L’évaluation externe au carrefour (deuxième partie [1])
Les hésitations et fluctuations en matière de doctrine conduisent de fait à nourrir une tentation d’orienter les évaluations vers des pratiques d’audit. Cela pose un problème général au regard des intentions du législateur et de la commande publique, problème plus aigu quant à l’évaluation externe compte tenu de son impact sur le renouvellement de l’autorisation.
La tentation de l’audit
L’on peut regarder une même thématique avec des finalités différentes. La question du droit des usagers, par exemple, ne sera pas abordée de la même façon lors d’une mission d’inspection, d’un audit ou d’une évaluation. La première forme relève du contrôle au regard de la réglementation. Les pratiques d’audit renvoient le plus souvent à regarder la conformité de ce qui se fait par rapport à des référés qui peuvent être de nature législative ou réglementaire mais aussi des référentiels de toute nature. C’est ce que l’on retrouve dans les démarches de certification par exemple. Nous sommes là dans des logiques de vérification par rapport à des normes ou à des règles, soit externes, soit internes. Or, l’évaluation « doit viser à la production de connaissance et d’analyse. Cette évaluation doit permettre de porter une appréciation qui l’inscrit dans une logique d’intervention et d’aide à la décision. Elle a pour but de mieux connaître et comprendre les processus, d’apprécier les impacts produits au regard des objectifs tels que précisés ci-après, en références aux finalités prioritairement définies pour l’action publique. »[2]
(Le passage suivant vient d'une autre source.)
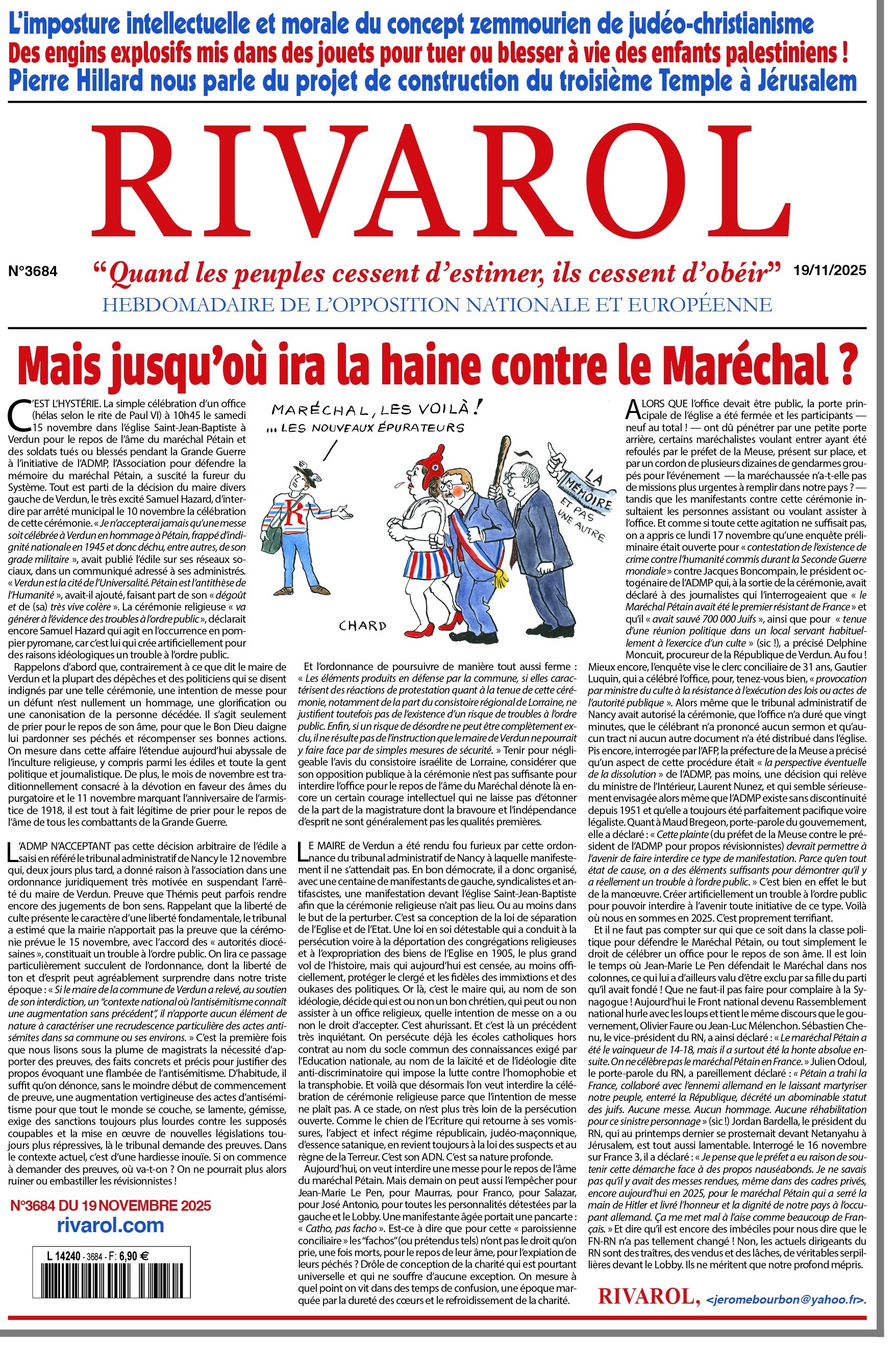 Et il ne faut pas compter sur qui que ce soit dans la classe politique pour défendre le Maréchal Pétain, ou tout simplement le droit de célébrer un office pour le repos de son âme. Il est loin le temps où Jean-Marie Le Pen défendait le Maréchal dans nos colonnes, ce qui lui a d’ailleurs valu d’être exclu par sa fille du parti qu’il avait fondé ! Que ne faut-il pas faire pour complaire à la Synagogue ! Aujourd’hui le Front national devenu Rassemblement national hurle avec les loups et tient le même discours que le gouvernement, Olivier Faure ou Jean-Luc Mélenchon. Sébastien Chenu, le vice-président du RN, a ainsi déclaré : « Le maréchal Pétain a été le vainqueur de 14-18, mais il a surtout été la honte absolue ensuite. On ne célèbre pas le maréchal Pétain en France. » Julien Odoul, le porte-parole du RN, a pareillement déclaré : « Pétain a trahi la France, collaboré avec l’ennemi allemand en le laissant martyriser notre peuple, enterré la République, décrété un abominable statut des juifs. Aucune messe. Aucun hommage. Aucune réhabilitation pour ce sinistre personnage » (sic !) Jordan Bardella, le président du RN, qui au printemps dernier se prosternait devant Netanyahu à Jérusalem, est tout aussi lamentable. Interrogé le 16 novembre sur France 3, il a déclaré : « Je pense que le préfet a eu raison de soutenir cette démarche face à des propos nauséabonds. Je ne savais pas qu’il y avait des messes rendues, même dans des cadres privés, encore aujourd’hui en 2025, pour le maréchal Pétain qui a serré la main de Hitler et livré l’honneur et la dignité de notre pays à l’occupant allemand. Ça me met mal à l’aise comme beaucoup de Français. » Et dire qu’il est encore des imbéciles pour nous dire que le FN-RN n’a pas tellement changé ! Non, les actuels dirigeants du RN sont des traîtres, des vendus et des lâches, de véritables serpillières devant le Lobby. Ils ne méritent que notre profond mépris.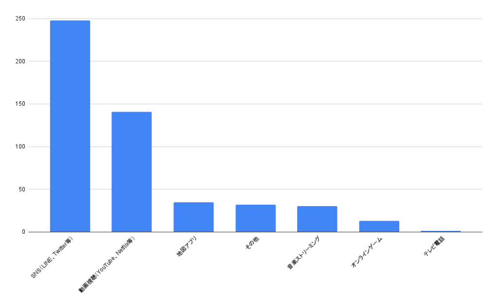 SNSと動画視聴で全体の約78%を占めており、大容量のデータ通信を必要とするサービスの利用が主流となっています。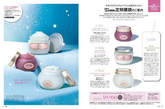 送料無料で毎月『25ans』が届く、便利な定期購読を利用しませんか?今お申し込みの方には、死海の塩などの自然由来成分を贅沢に配合した製品が人気のナチュラルコスメブランド「サボン」のスクラブ3点(ギフトボックス入り・15,400円)をセットでお届けします。乾燥しがちな冬こそスクラブによる全身の潤いケアが大切。毎日の美容タイムが待ち遠しくなるような心地よい花々の香りに包まれ、至福の時間をお楽しみください。定期購読(1年12冊)を新規でお申し込み、または現在定期購読中の方もお申し込みいただけます。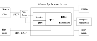 The Rich Client is a stand-alone Java program that can directly access EJBs deployed on iAS. Traditionally, clients communicated with iAS through the web-path, i.e. by speaking HTTP to server components such as JSPs and Servlets which in turn had access to EJBs within the context of the server. The J2EE v1.2 specification, however, requires that stand-alone clients be able to talk to iAS using the RMI-IIOP standard. Chapter 9 of the J2EE v1.2 specification also requires that these stand-alone clients operate within the context of an Application Client Container (ACC) that isolates server-specific issues, leaving the clients completely portable. Through its Rich Client infrastructure, iAS allows Java clients to directly access EJBs on iAS. These clients could operate within an ACC that ships with iAS as required by the J2EE ACC specification or more straight forward direct access (non ACC path) the way Java programmers are used to writing them.The diagram below is a schematic representation of the iAS architecture and illustrates the difference between the Rich Client and web paths. While browser clients communicate with iAS using HTTP through a Web Server, Rich Clients circumvent the Web Server and directly access EJBs as RMI-IIOP clients.

Si contrôler (ou auditer) c’est vérifier, évaluer c’est comprendre. L’enjeu de cette dernière c’est l’appréciation non seulement de la qualité de ce que réalise un ESSMS mais aussi de sa « capacité…à réaliser les missions qui lui sont confiées et [de] la qualité de ses activités au regard de son autorisation » (circulaire du 21 octobre 2011). Autrement dit, c’est la question de l’inscription de l’ESSMS dans une politique publique donnée et, comme l’indique à plusieurs reprises le décret du 15 mai 2007, celle des effets des actions conduites sur la situation des usagers qui sont au cœur des finalités assignées à l’évaluation.
Certes, l’on pourrait dire que la distinction entre inspection, contrôle ou audit d’un coté, évaluation de l’autre, répétée dans différents textes et lors d’interventions des pouvoirs publics fait consensus, qu’il y aurait là un fait acquis. La réalité est plus complexe, notamment dans le champ des personnes âgées.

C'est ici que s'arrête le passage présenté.